No one will go through regime change.
Under Trump’s leadership we were seen as untrustworthy, belligerent, and just plain unlikeable, and that certainly hasn’t changed, either.
Nothing changed. The Straits of Hormuz were not shut. Hell, the market barely even blinked.
Well, I wouldn’t declare victory just yet if I were Team Trump; and, I wouldn’t rule out Trump going to the well one more time and spoiling the soup.
But most importantly, the harder work of diplomatic negotiations of a new framework are non-existent; and I don’t trust the Trump team to navigate this window of opportunity.
On the matter of trustworthiness, it is possible that US credibility on this and some related matters has gone up.

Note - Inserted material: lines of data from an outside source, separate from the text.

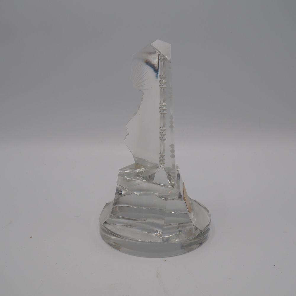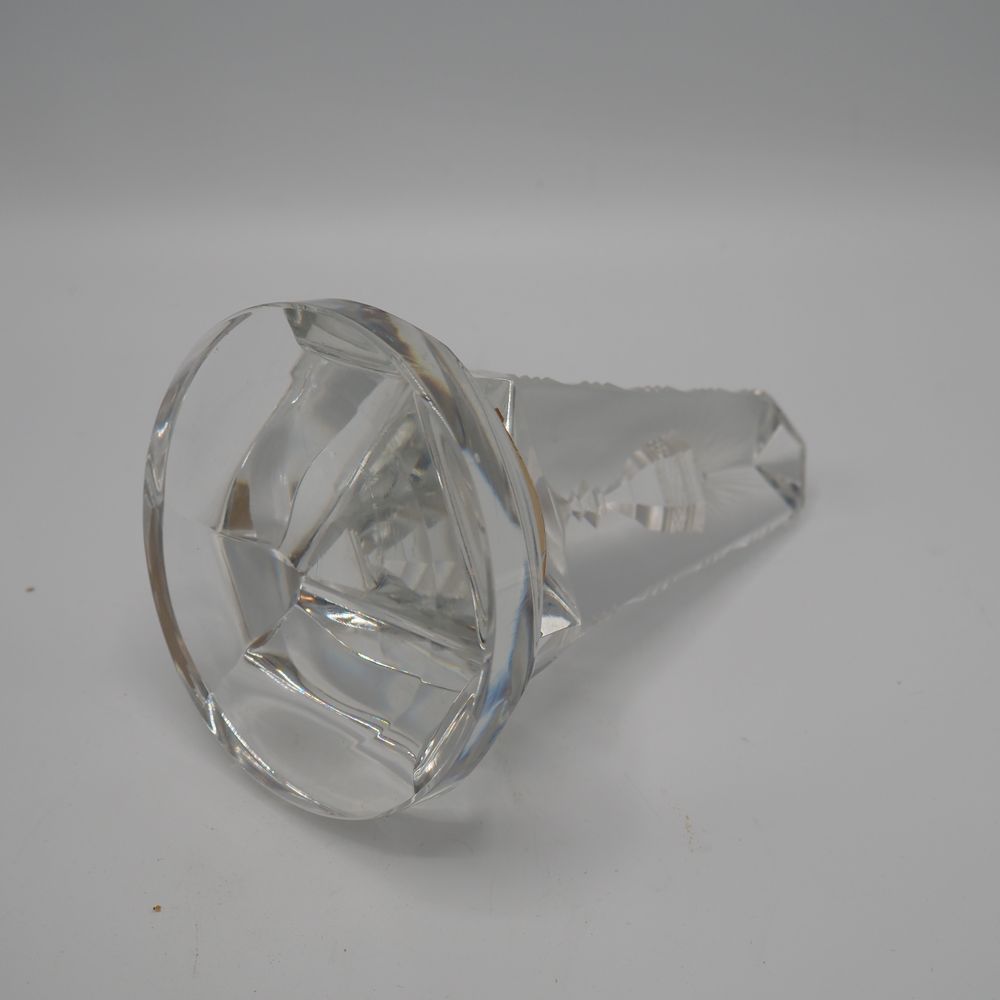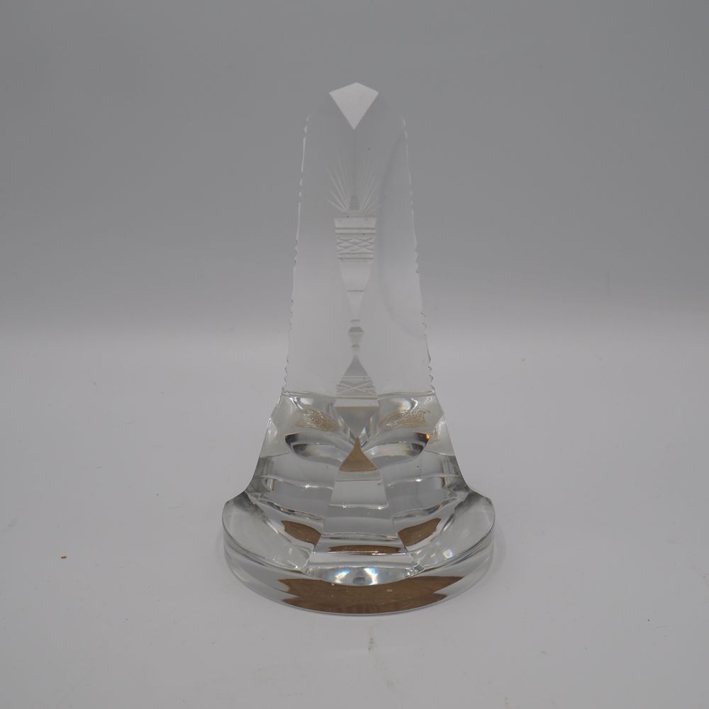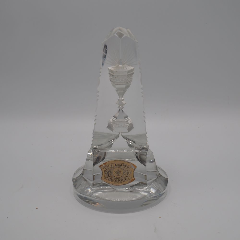 Val Saint-Lambert : Sculpture religieuse, cristal clair taillé, figurant un calice, porte le sticker, H: 16,7, diam: 10 cm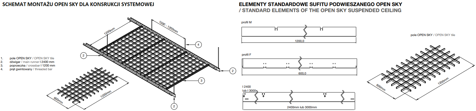 - Standardowy moduł: 1200 × 600 mm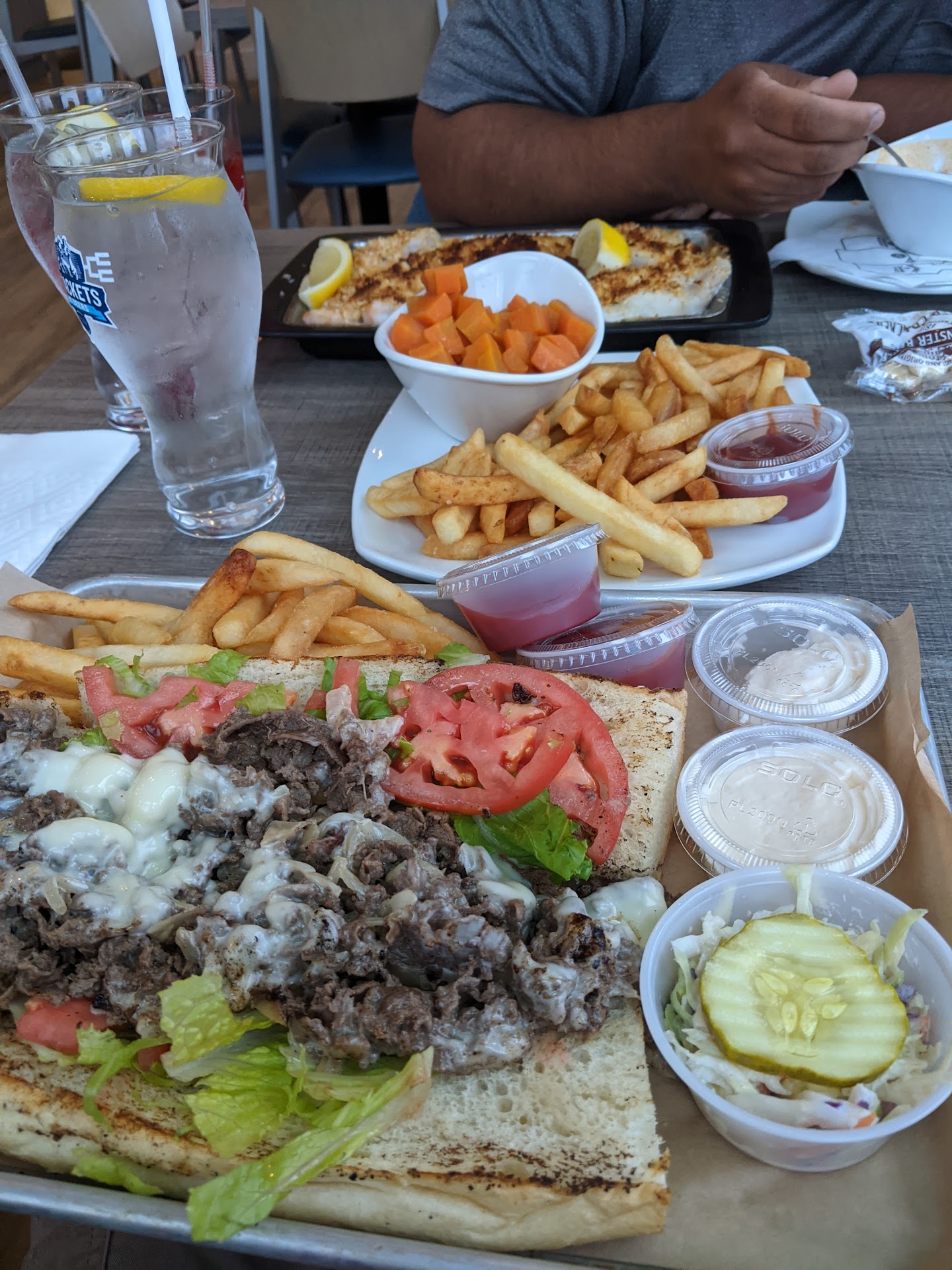 The restaurant being by the beach is, it’s a beautiful view. Unfortunately the service and food was underwhelming. I want to go in order….To start, my friend and I were seated and given a drink menu(no food menu). We also asked for a high chair, for my friends 7 month old. We put in drink orders in the mean time. We sat around and waited for the high chair and food menus for quite a while. The drinks came out, yet we still had no menu or high chair. We had to get up and get the high chair ourselves along with a menu. Only one menu(because they were running low) The drink I got was a frozen margarita. It was barely frozen, which meant it sat at the bar for a while. Mean while other people were seated way after us, and were already getting menus and waters(which we had to ask a few times for water) We ordered the New York style calamari. The calamari its self needed salt, it was very bland. The spicy sauce carried the calamari. We both ordered the fried cod tacos for our main meal. The pico de gallo and garlic-lime crema was nice and fresh. The cod its self lacked flavor and seasoning. It didn’t taste fresh. The cod was very dry. The pico de gallo and crema carried the cod fish. The cod fish should of been the star of the dish and it wasn’t. The taco was over packed with the pico de gallo. To me they were trying to mask the fact the cod fish by its self tasted bland. Even the French fries ere not seasoned. I am also compassionate to our server. We were outside and there was a big table of people. She was the only server for all of us out there. She wasn’t very attentive to our table. She forgot about us a few times. I would say, if there are big parties , there should be more than one server in that area. My experience was underwhelming. Which makes me sad because this restaurant is in a...

I take your point that it may also go down in other areas; but pending final dispositions, nuclear non-Proliferation has a new risk calculus.
I recognize that I may have different long-standing priors regarding international institutionalism than you do; but be assured it comes from a much older, non-Trumpy place.
Finally, I’d assume betting markets on Trump catching a bullet within 24-months should have inched upwards some amount.
Let me go on the record as being clear that I am not rooting in favor of an assassin’s bullet. I want Trump removed from office, via lawful and peaceful means. (I know very well I am not going to get that.)
Didn’t mean to suggest you were. 🙂
The increase in odds are generic and unattributable.
…my first thought is “ground-level dirty bomb”…. How accurate is that?
Dirty in the sense that ground-burst or shallow-penetration warheads inherently create more fallout than an air-burst bomb of the same design, yes. Dirty in the sense of salted bomb designs intended to maximize the effective amount of radioactive fallout, no.
Well, a suitcase nuke (where suitcase is defined as “one of the big suitcases” rather than “briefcase”) is probably unlikely given the levels of tech required.
But it’s significantly easier to imagine one that could fit in the back of a 1982 Subaru GL.